Friday, October 08, 2010

Book-A-Day 2010 # 247 (10/8) -- Sundome, Vol. 7 by Kazuto Okada

At this point in my writing about Sundome -- a manga about one teen boy who is far too focused on one girl and has fallen into a kind of dominance/submission relationship with her (without the usual whips-and-chains accouterments) -- I don't really have anything more to say that I didn't say about Volume One, or Two, or Three, or Four, or Five, Or Six. (And there's only one more, which is good for my lack-of-things-to-say problem.)

The mix of elements is the same here as in previous volumes: Hideo Aiba, the viewpoint character, has gained a bit of spine and self-regard, but he's still utterly in thrall to Kurumi Sahana, and is sexually obsessed with her to a degree unhealthy even in a teenage boy. (She said, early in the series, that she'd never have sex with him, but their relationship has progressed to the point where she allows him to masturbate -- sometimes in front of her -- and she becomes notably aroused by his arousal a couple of times here.) Hideo is also still president of their school's "Roman Club," which is ostensibly dedicated to all things "romantic," but actually is a Haruhi Suzumiya-style outlet for investigations of the paranormal...without the actual eruptions of the paranormal from Haruhi. The rest of the members of the club are nearly all geek stereotypes (the butt-obsessed ex-president, quiet Tatsuya Yatsu, and bespectacled Katsu Toshitsuku), except for random (and, I think, meant to be Western) hottie Kyouko, who joined the club way back in the beginning for contrived reasons I don't remember in detail.

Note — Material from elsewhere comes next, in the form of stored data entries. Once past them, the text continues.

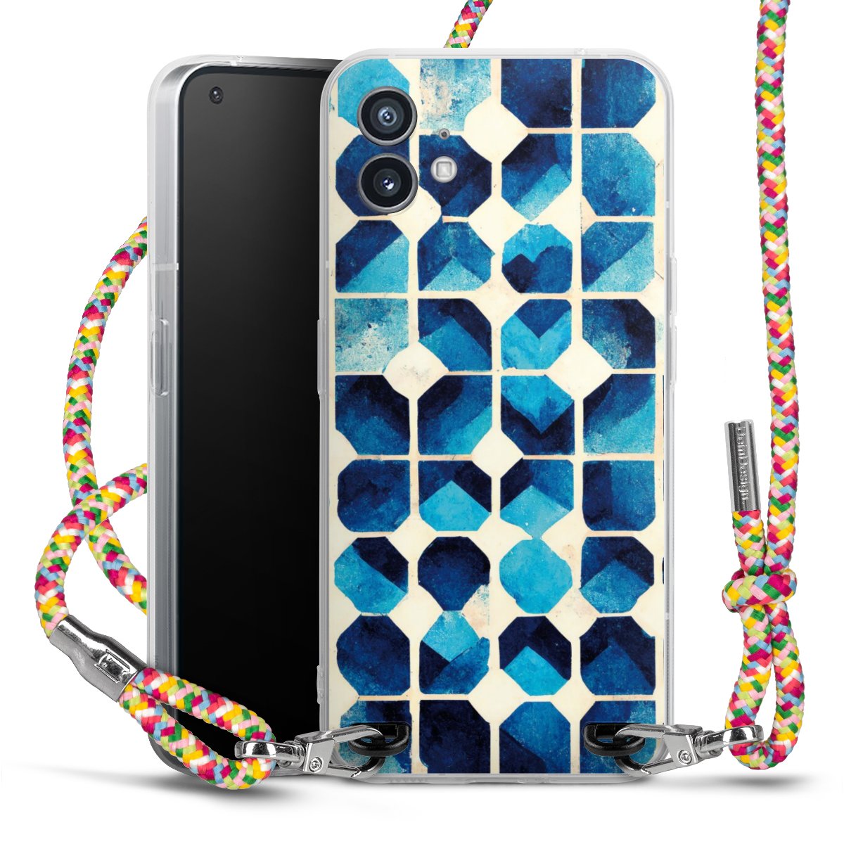 The flexible case is made from a highquality TPU material (thermoplastic Polyurethan). Thanks to its longlasting and break resistant characterisitcs, the case is flexible yet consistent in form and has a great grip and feel. The textile strap made from Polyester gives a chic yet casual accent allowing you to carry your phone like a bag or necklace - a practical gadget perfect for your next adventure. The textile strap is about 1.70 meters long and the length can easily be adjusted through the knots. Our Carry Case is available in Colourful, Mint-Camouflage, Very-Berry, Sahara-Sand and Sparkling-Neon. The ends of the textile strap are covered with metallic end caps to protect them against fraying.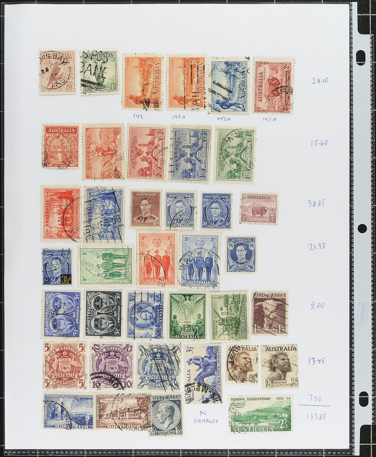 Accumulation of used Australia and a few States, 1890's-1990's, with roughly 1,000 stamps in a variety of formats including album pages, 102 cards, stock pages and more. A spot check indicated the majority of material ranges from the 1900's to the 1950's, including officials and other "back of the book" material, varieties, a few Kangaroos, KGV Heads, and more. We note some singles ranging from $10 to $15 each, leaving potential finds to the dedicated collector, including better postmarks. A good lot for the Australia or worldwide used collector, overall fine to very fine. Estimate =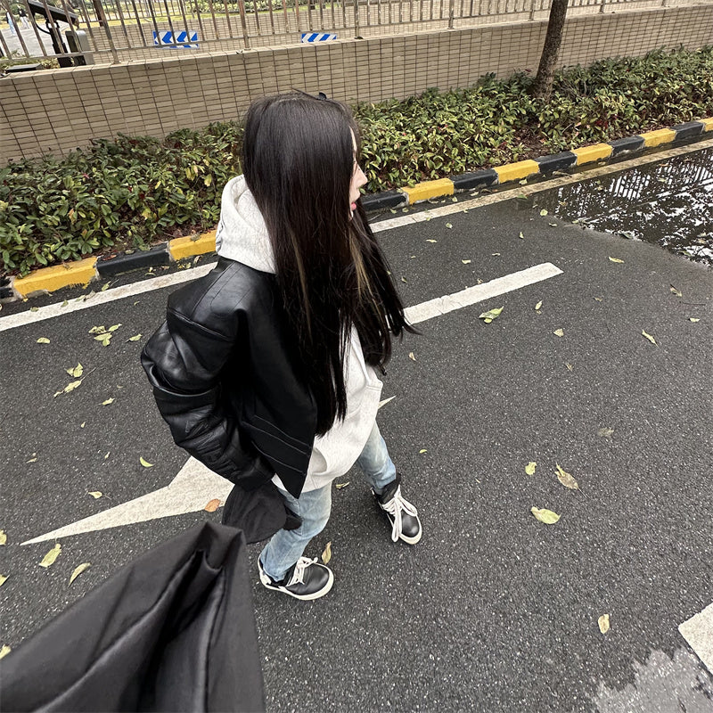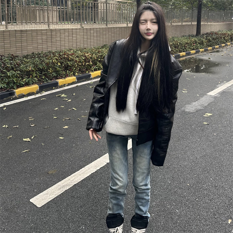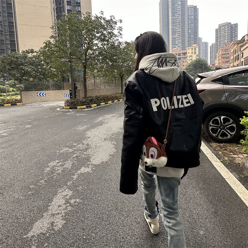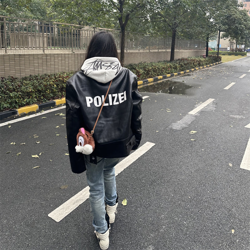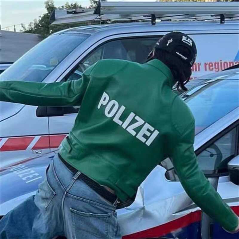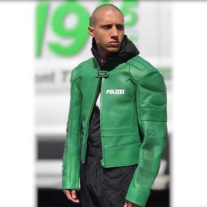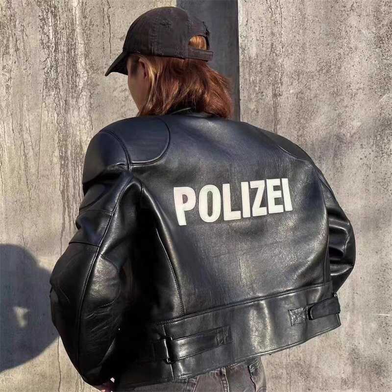 Self-made Vetements Motorcycle Leather Jacket Polizei Wild Man Biker Letter Print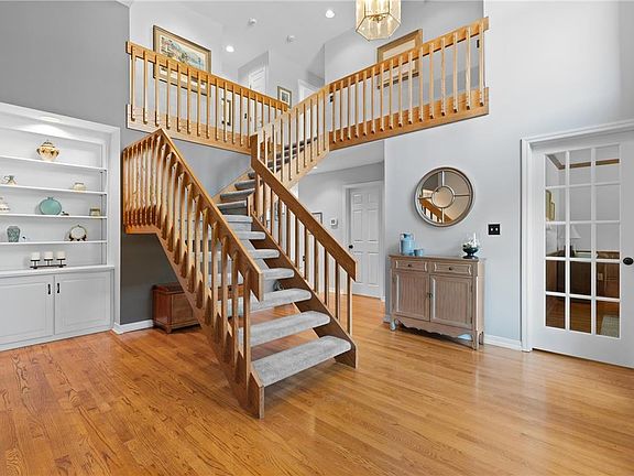 This beautiful 4-bedroom home in the East Penn School District blends classic elegance with modern functionality. Upon entering you are welcomed by a grand two-story foyer featuring a Palladian window and elegant staircase. A formal living room and office with custom cabinetry offer charm and function, while the formal dining room provides scenic backyard views. The heart of the home is the open-concept kitchen and family room with a large island, Italian tile floors, and ample cabinetry. Sunlit windows in the breakfast nook overlook one of two Trex decks that lead to the newly fenced backyard, complete with a fire pit, garden, shed, and stone patio. The family room boasts a floor-to-ceiling brick fireplace, two-story windows, a wet bar, and access to a private second deck, perfect for gatherings. Upstairs, the spacious master suite includes a luxurious en-suite bathroom with a Jacuzzi tub, walk-in shower, and expansive closet. Three additional bedrooms and a full bath complete this level. The fully finished lower level provides a second family room, game room, wet bar, storage room, and a full bathroom, opening onto the stone patio—ideal for guests or multi-generational living. Additional highlights include an oversized three-car garage with mudroom access and first-floor laundry. With its luxurious amenities, ample space, and prime location, this home is a must-see!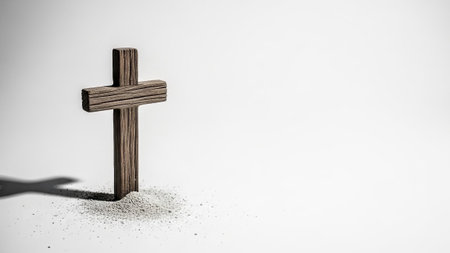 Dark charcoal cross and ash. Symbolic, dramatic, solemn.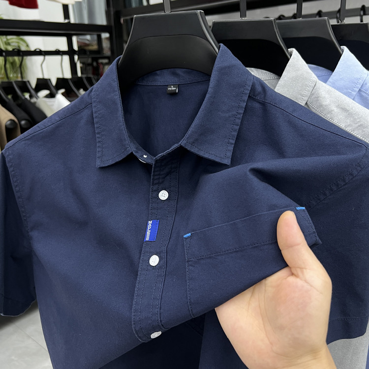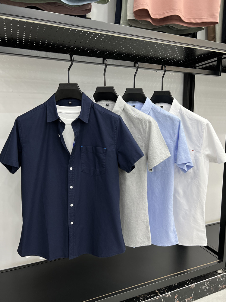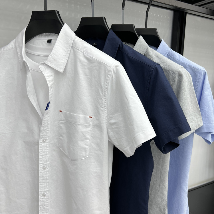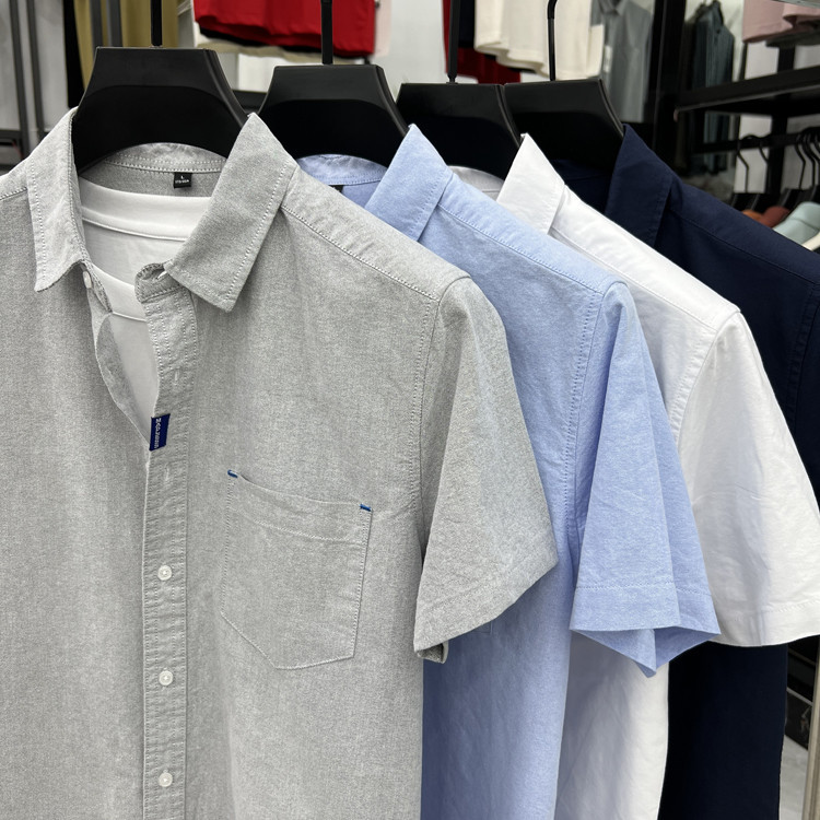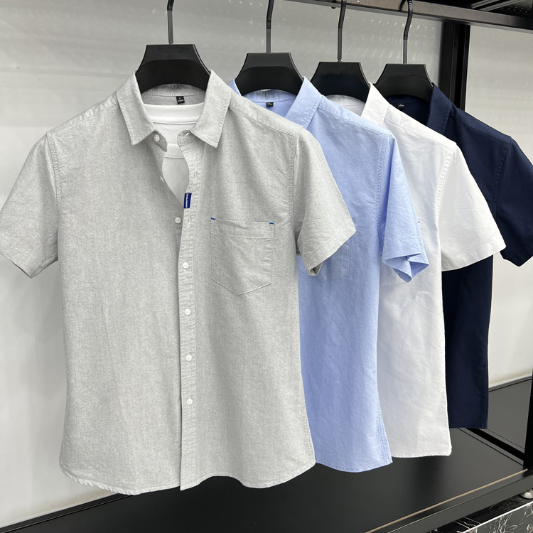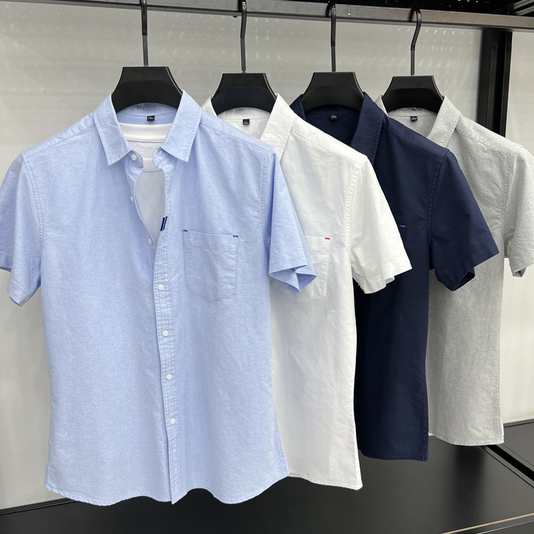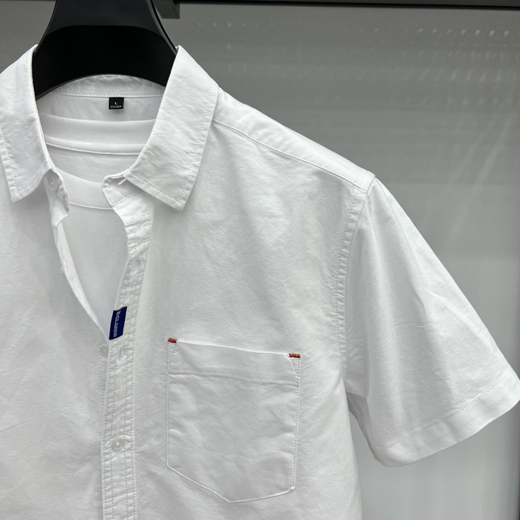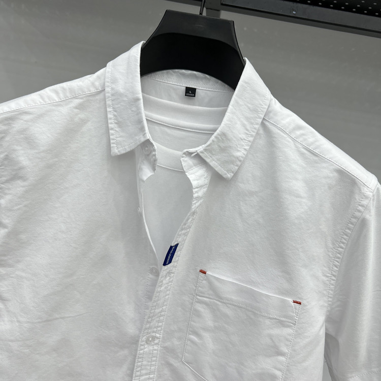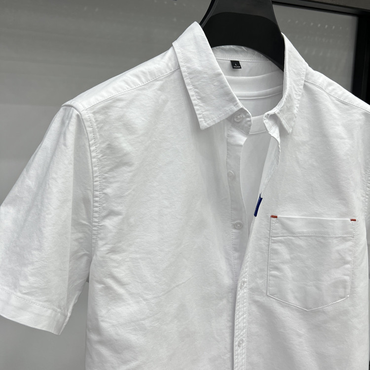 여름 흡습 및 통기성 남성용 순면 반팔 셔츠 새로운 스타일의 리얼 포켓 워시 셔츠 남성용 반팔스토어 가기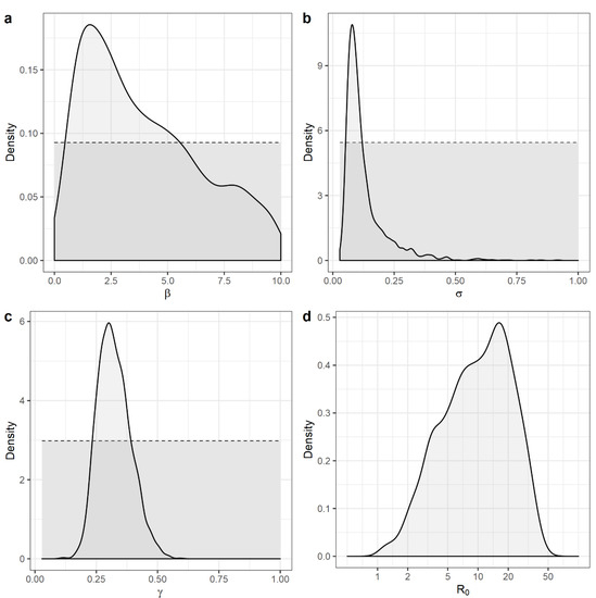 Figure 4. Prior (dashed lines) and posterior (solid lines) distributions for (a) the transmission coefficient β ; (b) the inverse of the average latent period σ; (c) the inverse of the average duration of infectiousness γ; (d) the basic reproductive number, R0 which was a calculated output and (being a ratio) is presented on a logged horizontal axis.

And so the stories in Sundome mix Hideo and Kurumi's relationship (mostly moving towards honesty and openness at this point, if vastly more fetishized than many of us would be comfortable reading about with mid-teen protagonists) with the wacky, slapstick hijinks of the club's explorations (trying to remove a cockroach from the clubhouse, visiting Katsu in the hospital and praying at a shrine for his return to health, another camping trip) -- which is a good mix, actually, since they're very tonally different and either one all by itself would be far too much. (Although many readers would find both aspects far too much, and the whipsaw transitions from one to the other to be even more disconcerting.)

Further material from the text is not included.